As an outside consultant, you have more permission to ask deliberately naive questions. If you’re an insider, people will look at you like “You’re supposed to know that.” I think if you’re going to try it from inside, what you have to do is say, “Look, I really want to understand our processes from your point of view. So I’m going to ask you some intentionally stupid questions.” Just use a preamble so people will give you room to play dumb. That’s how you get the really interesting answers.

But you will get a little bit of politics. I think that unless you’re new to an organization, people will assume that you have an agenda. So I often suggest that if you hire someone new, have them go around and do some of these interviews. They’ll be seen a little bit more like a consultant than someone people have an established relationship with.

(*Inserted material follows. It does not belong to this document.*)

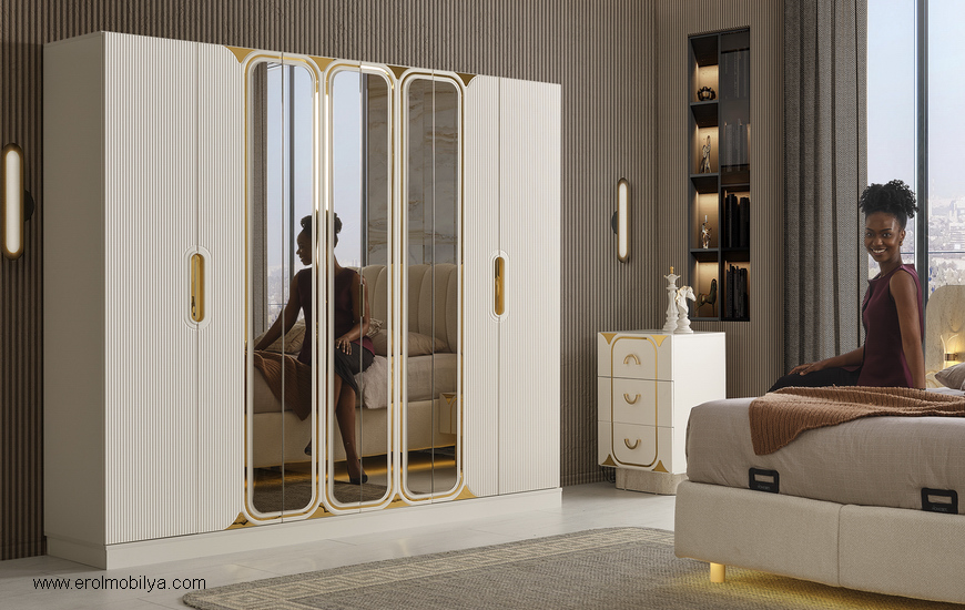 Ürüne Ait Parça Adetleri : 6 Kapılı Dolap, Şifonyer + Aynası, 2 Adet Komodin, Başlık , Çamaşırlık

I think a lot of teams neglect internal stakeholder interviews when they tackle a new project. They assume the user research is the only kind of research that matters. But no, those executives have an agenda, and they have concerns, and they have pet ideas and assumptions that you need to make sure you understand on every project. People are reluctant to do that because they don’t want to look dumb inside the organization.

Ask stakeholders to share the first experience they had as part of that project, how their input was sought, where they feel like their input was taken or not, how that decision ultimately got made, what were the criteria, what role did they feel like they had in that decision. Sometimes you have to feel your way through that conversation.

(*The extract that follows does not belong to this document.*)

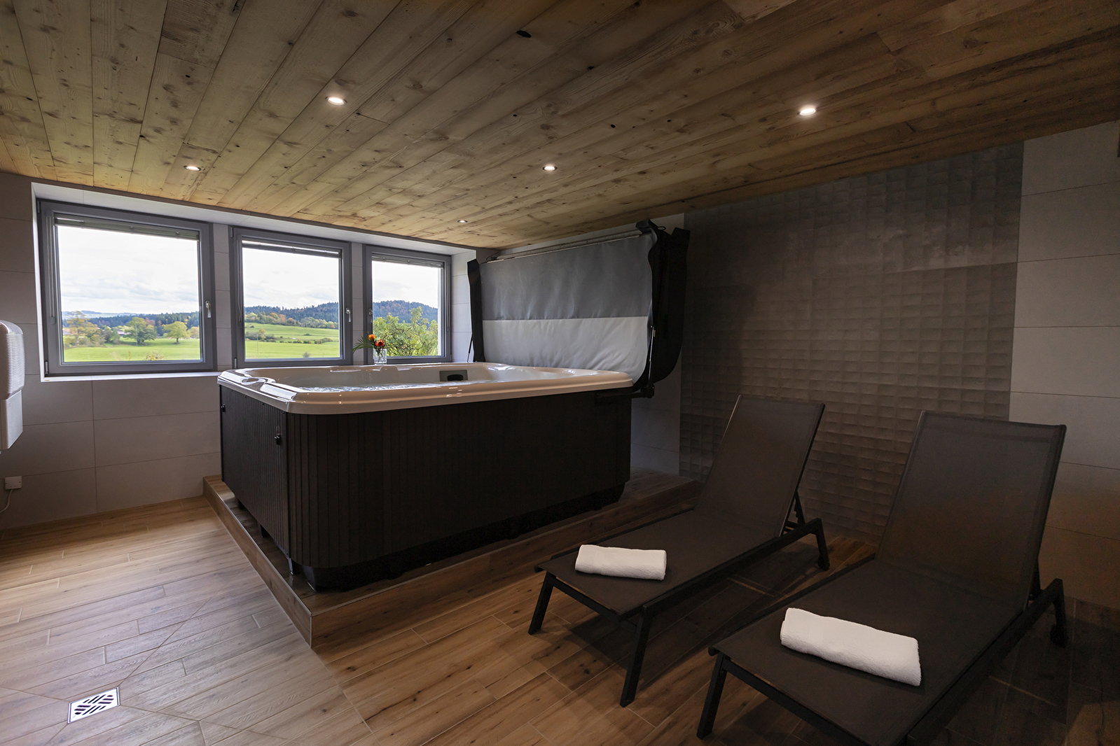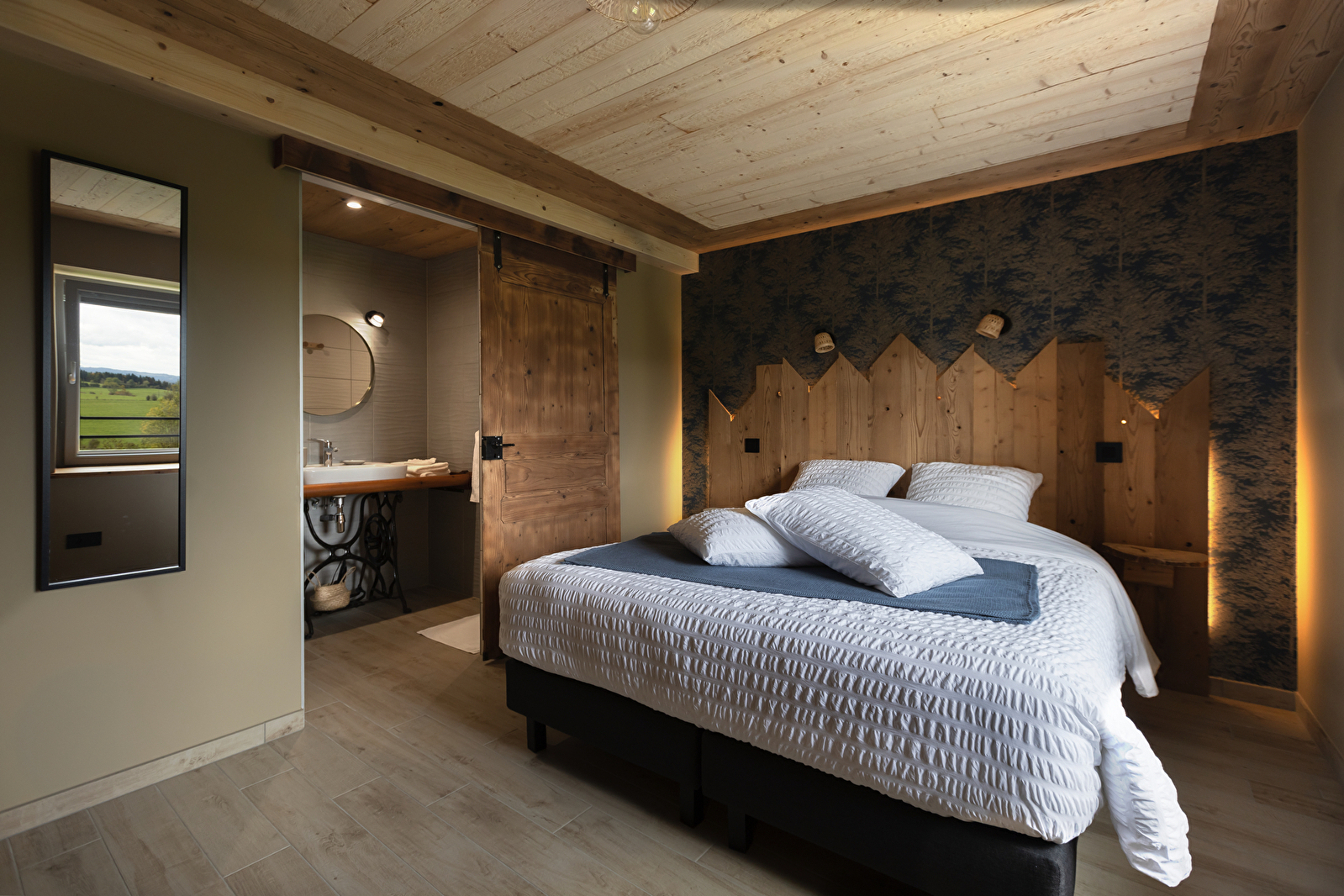 Met uitzicht op de bergen en dennenbomen, en onder het toeziend oog van herten en Montbéliard koeien, vind je hier rust en welzijn.

There’s not one magic question. But if you can get people to open up, they will often tell you, “We really wanted to do it this way, but we ended making a trade-off for this other thing.” When you hear about multiple projects and you hear that same trade-off getting made all the time, that tells you what the organization’s actual values are. That will tell you either this is a value that needs to change because it’s problematic, or there is something here we can work with—we just have to make sure that we’re balancing it and adapting to it better.

When you start to hear about multiple projects and you start to hear that same trade-off getting made all the time, that tells you what the organization’s actual values are

 Kim Goodwin

Figure out how to use the organization’s values

My first recommendation is, if you have a relationship with your executives, start by initiating a conversation with them. I also suggest you identify what you think that driving value is, and start figuring out how to work with it. If you can find a thing that your company already values and connect project decisions to it, you’ll start to get more momentum.

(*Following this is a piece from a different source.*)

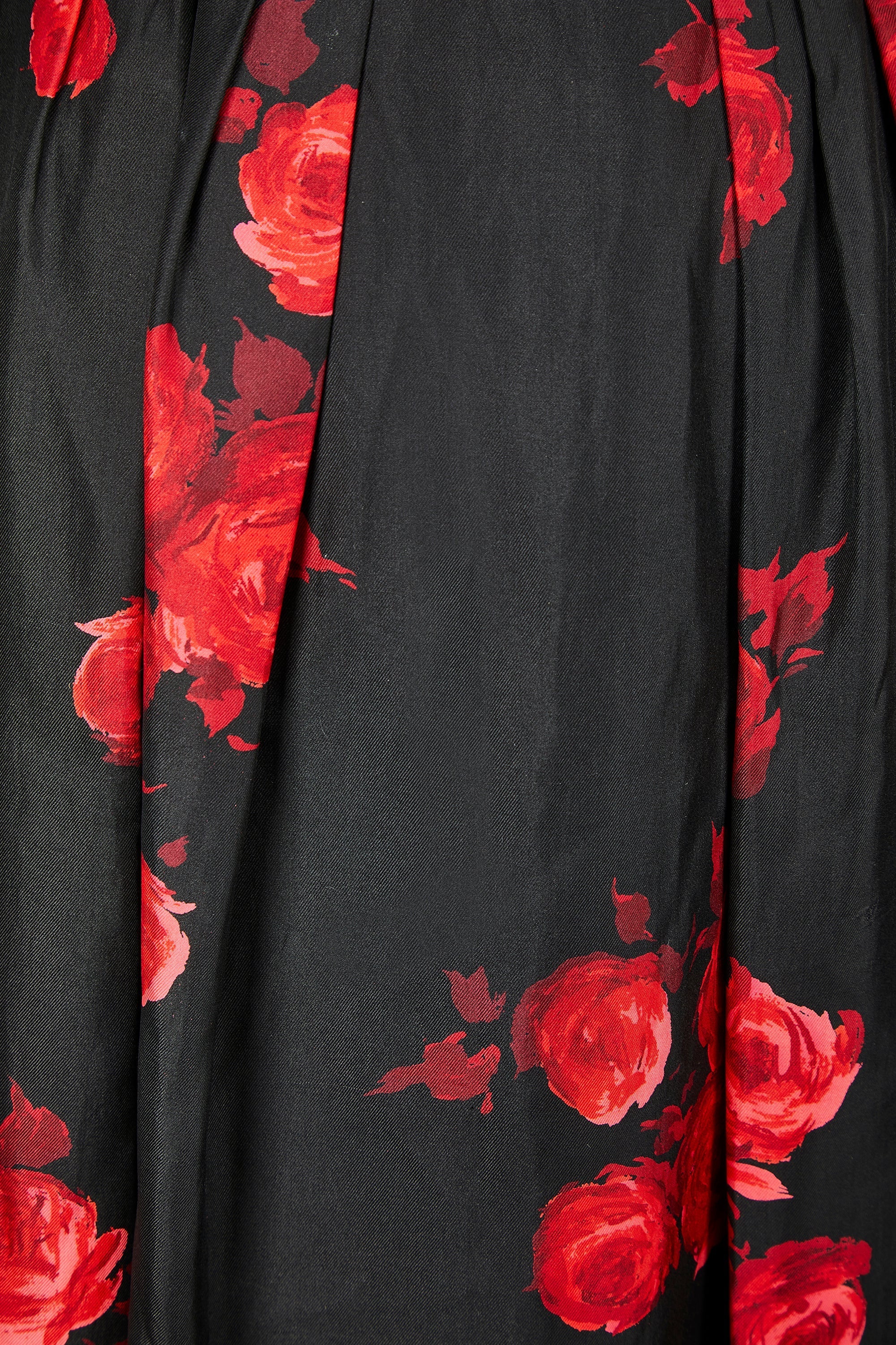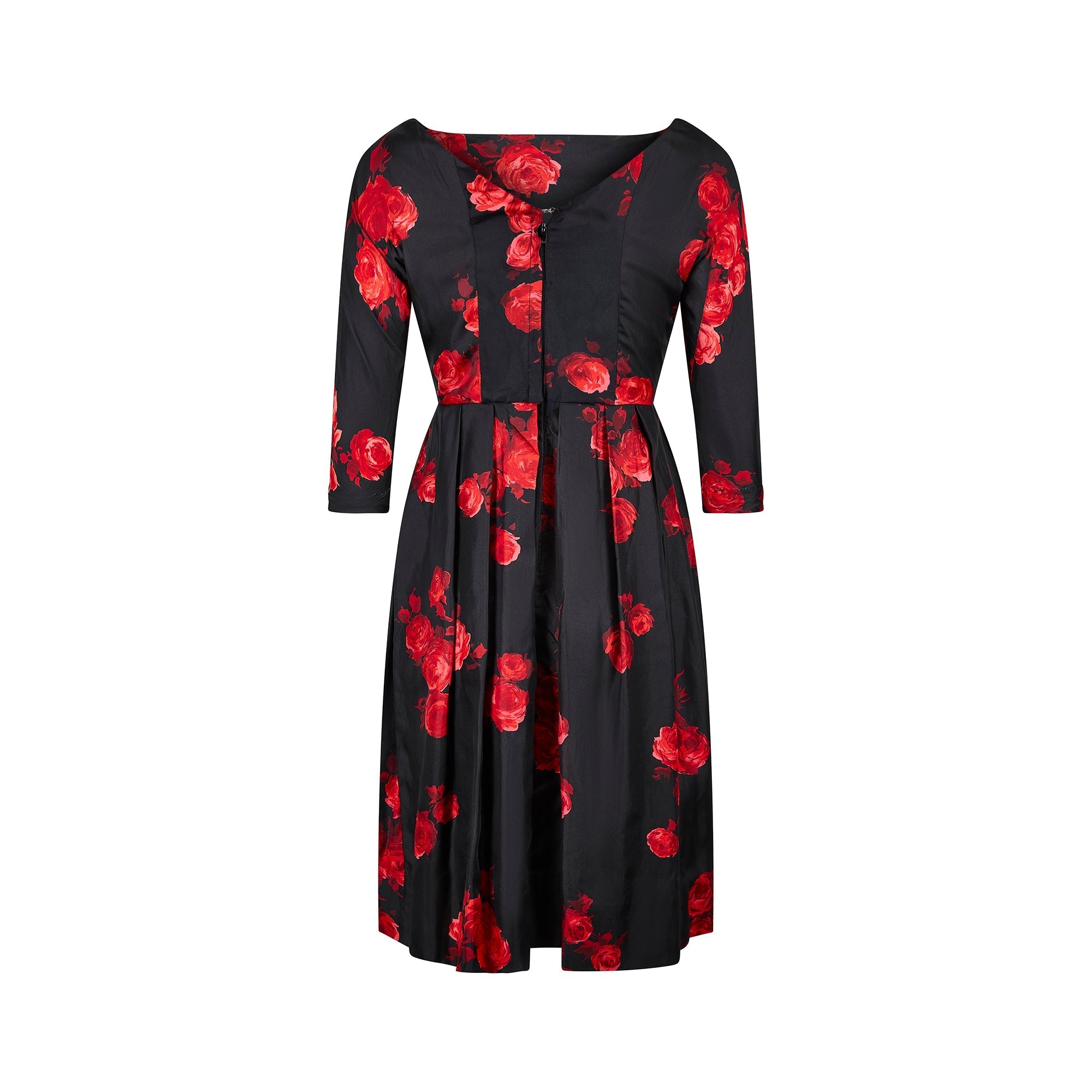 Suzy Perette brought the signature silhouettes of Christian Dior’s “New Look” to women across America. Thanks to a licensing arrangement between Suzy Perette’s owner, Sidney Blauner, and Christian Dior, American women could access these highly desirable Parisian designs for the first time. Created in the 1950s, this elegant dress has many of the hallmarks of the “New Look” with its fitted waist, wide boat neckline and mid-length flared skirt. The smooth black silk is printed with dramatic, clashing red roses. Three-quarter sleeves are designed to show off a delicate, jewel-adorned wrist. The back is secured with a hidden black zip and the dress is lined to the reverse of the silk in black viscose.

For example, one of my clients in the chemical industry has a really deep commitment to safety. They weren’t getting a lot of funding for their design projects because it was all internal software. They realized if they presented usability as worker safety, they would get a lot more momentum… and they did. So identify the values your organization has and figure out how to use them.

Then, if you find yourself in a situation where you need to start to shift values, frame them as design principles. That tends to be viewed as something that’s within the purview of the team and isn’t threatening. Come up with 6–10 things that are aspirational, and instead of telling the team, “Don’t do these 10 things we’re bad at,” frame them positively. Offer examples. Then start to use those in project decision making. You have to do a lot of internal marketing about those principles, but it does start to change the conversation a little bit. You need to work on the high-level values too, but you may not have the credibility to do that at first.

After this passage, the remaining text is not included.